Riel returned the toast, but privately he found this sentiment odd. Thirteen was his Wreath Day, the day he had entered adolescence; and twenty was when he reached the age of majority. Perhaps Corell was simply confused and had forgotten his age; certainly his parents wouldn’t have talked much about him to their friends and guests.
The other oddity came when another woman happened to ask Riel: “Tell me, what do boys your age like to do?”
“I’m not sure,” Riel replied. He knew what he liked to do. Besides reading, which was his primary interest and one that he would not belittle by calling a hobby, he liked very specific things: he enjoyed building things from metal but not wood; he took pleasure in watching birds fly but could not be persuaded to pet the gardener’s cat; he kept lists of words he particularly liked or disliked the sounds of. At the moment he thought “protectorate” was especially beautiful but could not bear the word “torrid.”
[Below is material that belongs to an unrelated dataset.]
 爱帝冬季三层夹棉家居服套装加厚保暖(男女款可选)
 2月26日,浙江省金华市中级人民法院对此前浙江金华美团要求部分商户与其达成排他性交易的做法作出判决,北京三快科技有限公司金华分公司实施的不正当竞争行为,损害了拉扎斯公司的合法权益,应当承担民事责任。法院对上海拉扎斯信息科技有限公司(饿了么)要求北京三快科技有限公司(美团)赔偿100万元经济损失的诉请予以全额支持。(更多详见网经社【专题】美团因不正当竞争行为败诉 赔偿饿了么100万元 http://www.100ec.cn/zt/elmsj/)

“Well,” the woman said. “You have keen acumen for one so young. I look forward to conducting further business with you.”
His mother turned hastily to the woman and said, “Of course, Riel returns the same sentiment. Don’t you, Riel?”
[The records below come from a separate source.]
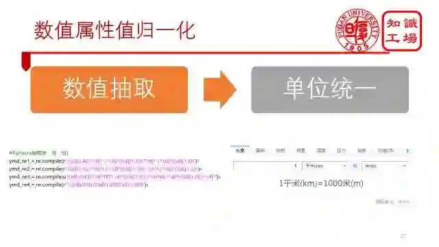 之所以要对数值属性归一化,是因为数值属性的属性值往往是由数字+ 单位构成。所以可以分为数值抽取和单位统一两个步骤,比如通过正则表达式抽取出年、月、日等数值信息,通过转化公式来统一单位。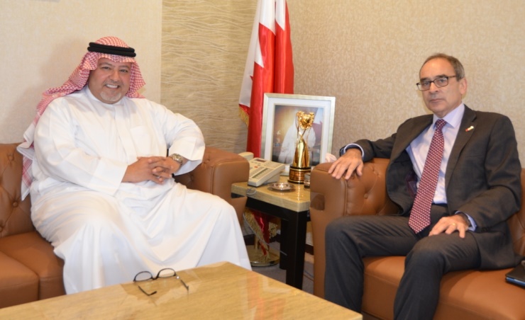 Manama, Apr. 10 (BNA): Justice, Islamic Affairs and Endowments Minister, Shaikh Khalid bin Ali Al Khalifa, received here today the UK Ambassador to Bahrain, Simon Martin.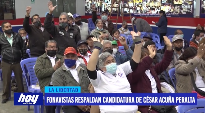 Este martes en una conferencia de prensa, integrantes del FONAVI a nivel nacional mostraron su respaldo y apoyo a la candidatura del candidato al Gobierno Regional de La Libertad, César Acuña Peralta. En La Libertad son 200 mil Fonavistas y en todo el país 2 millones, en su mayoría adultos mayores por lo que piden a acuña peralta los apoye con su bancada del congreso en la devolución de sus aportes.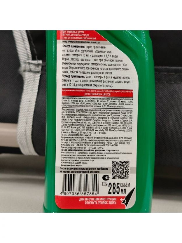 Внекорневая подкормка: отмерьте 5 мл и разведите в 1,5 л воды. Опрыскивайте поверхность листьев до полного смачивания, избегая попадания раствора на цветки.

He looked from his mother, with her nervous smile, to the confusion of the other woman. Then at Rosella Starik, watching the whole thing unfold with an amused expression, and his father, who seemed to be ignoring the whole thing altogether. And then it began to occur to him:
His parents were keeping something secret from him. But it was not an affair.
It was something involving him.
That night, when the festivities were in full swing and the adults were preoccupied in the parlor on the far end of the mansion, Riel slipped down in silence to his father’s drawing room. He knew what key unlocked the door, now, and had memorized the combination to the safe in which his father kept the account books. He was not a particularly brave boy, but he was decisive and confident in his own ability to lie out of most situations. And the questions of the last few weeks gnawed and nipped out him. He wouldn’t be able to sleep until he learned once and for all what was going on.
The door to the safe glided open as if the hinges had been oiled just for him. Riel riffled carefully through the various tomes that he had become familiar with: there was nothing here that he hadn’t already seen from his work with his father.
But then, at the back of the safe, there was a little leather sheath that read: RIEL.
Riel took it without hesitation. He expected inheritance papers, a will, instructions on what to do should either or both of his parents pass away unexpectedly.
But the first page he turned to was a contract—between himself and Rosella Starik.
Riel went cold.
He read on, hurriedly. There were a dozen more contracts, between himself and other parties, including the scarred man Yisai Achi. Most of the contracts referred to his purchase of something called devil’s tongue, or materials related to it. All were signed and dated by Riel—in his father’s hand. Sometimes his mother’s.
He wanted to sit. He wanted to run. Instead, Riel swallowed the thick saline gathering in his throat and flipped through the last pages, memorizing their contents, vowing to copy them down later. There was a letter from their physicker, the one who came to visit monthly; a letter of certification. It read:
I assert my diagnosis. The boy Riel Syndenton is afflicted with a disease that keeps him looking younger than he really is. He was born on Coppersun 15, in Year 985 of the Mirror Era. I delivered him at the Syndenton home myself.
Riel felt struck, as if by a fist. That was the right birthday, but not his birthyear. By the letter’s false calculation, that would put Riel at age 20.
There was a sudden light step outside of the drawing room; Faron’s voice, the sliding golden light of a lantern under the door. “Is someone there?”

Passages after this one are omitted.